We have decided here to envision music study as a holistic undertaking. Our idea is that the piece that a student is preparing in any given week can serve not just as a vehicle for solving a performance problem but also that it can be taken into the music history class and examined from the standpoint of its location in a tradition. Further, that the same piece can be taken into the music theory classroom and examined from the standpoint of its architecture, the materials of its construction. We remind ourselves that it is as much a part of our charge to help students to develop their critical thinking skills and their abilities to argue a position elegantly and powerfully, both verbally and in writing. (This, by the way, is a position that I can comfortably argue with parents who want to know why their son or daughter should pursue a music degree.)

This suggests that music faculty, in spite of their focus or narrow specialty, can make connections, and can demonstrate both the connections and the means of connection to their students.

Music administrators are in a position to make our statement have force. Music professors could be evaluated on the basis of their music specialty and on their ability to make connections we have discussed above between various aspects of music study. Many music professors identify themselves as violinists, composers, theorists, and other specialties rather than as teachers or musicians. As faculty at institutions of higher learning, we must see ourselves as specialists who have a responsibility to make connections.

RESPONSIBILITIES TO OUR SPECIALTIES
The rewards given by our colleges and universities come with responsibilities. I am a composer-performer who chose twenty years ago to accept certain responsibilities in order to continue to compose free of the necessity of selling each of my works in order to eat. I have been a free-lance percussionist who had to find constant gigs to make enough money to live. As a percussionist in a college I have the luxury of performing literature that is anything but cost-effective to learn. Am I paid for learning that literature or do I have other responsibilities? I have a responsibility to continue to mature as a composer and performer, and also to expand teaching and service.
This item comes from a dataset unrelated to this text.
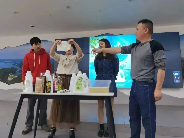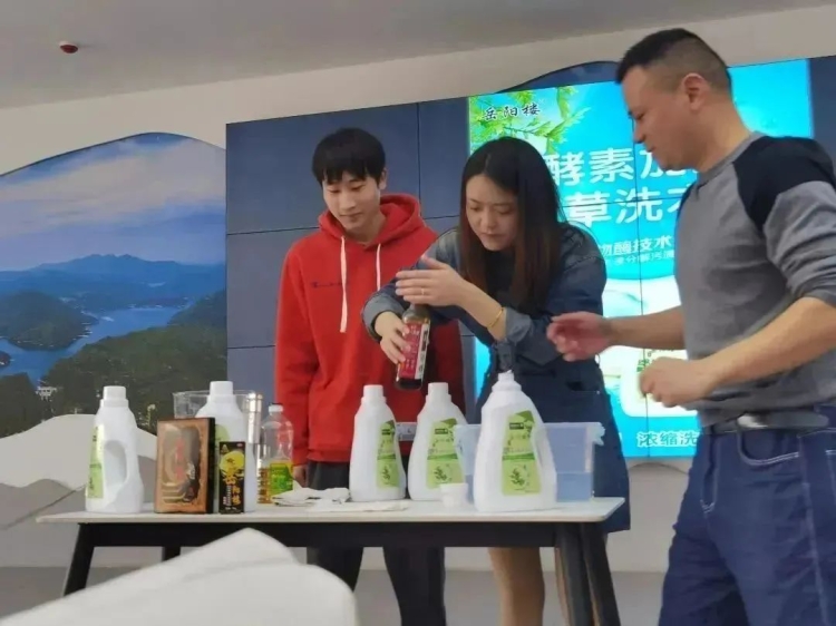 嶽陽市翻天應生物科技有限公司嶽陽縣分公司是一家嶽陽本土的規模企業,主營範圍包括二類醫療器械,保健器械,保健用品,日用化妝品和日用百貨。這次培訓會上該公司帶來了他們的主打品牌“嶽陽樓”洗衣液,在培訓中通過現場操作的方式直觀地展示的該產品的優勢,引起了各站長強烈的興趣。

The question is how do we want to define the balance between those responsibilities for ourselves and our colleagues? Maybe we do care about our colleagues abilities to make connections between various areas of inquiry, but perhaps we want to exempt some from this requirement. Perhaps we believe education in music is every musicians responsibility but this may sometimes require exceptions. Some performers have created careers which earn them the right to be evaluated on the basis of being performers and teachers of performance skills. Some, by contrast, excel in their ability to make real the connections we have discussed above.

RESPONSIBILITIES OF THE PUBLIC SCHOOLS
It seems to me that the real solution to the various criticisms that many have all leveled at school music programs has more to do with the one size fits all attitude than with any intrinsic problem of large ensembles. I share the dislike for the concert or marching band model as necessarily the best or only model for developing music skills in high school students. When I was a high school student I had nothing to do with what I thought of as school music. My various Rock and Roll bands were much more exciting and certainly did all of the things a teenage boy was interested in (that would be to attract teenage girls).

Music offerings at all levels of study should mirror in some way the diversity of interests that our students possess. Courses centered around music literature could serve the same purposes that more standard history courses in the curriculum address. Courses in music theory could be offered with an eye to attracting students more interested in the structural aspects of music and, more broadly, thought. Courses in electronic music would be very attractive to students and, with the recent dramatic drops in the costs of computers, provide a relatively low-cost entry into composition, recording, and other a spects of music technology.

Perhaps the single most important shift that needs to happen relative to high school music programs, and some college programs, is the idea that the students are there to serve the greater glory of the program. The music program must serve the students in all of their diversity of interests.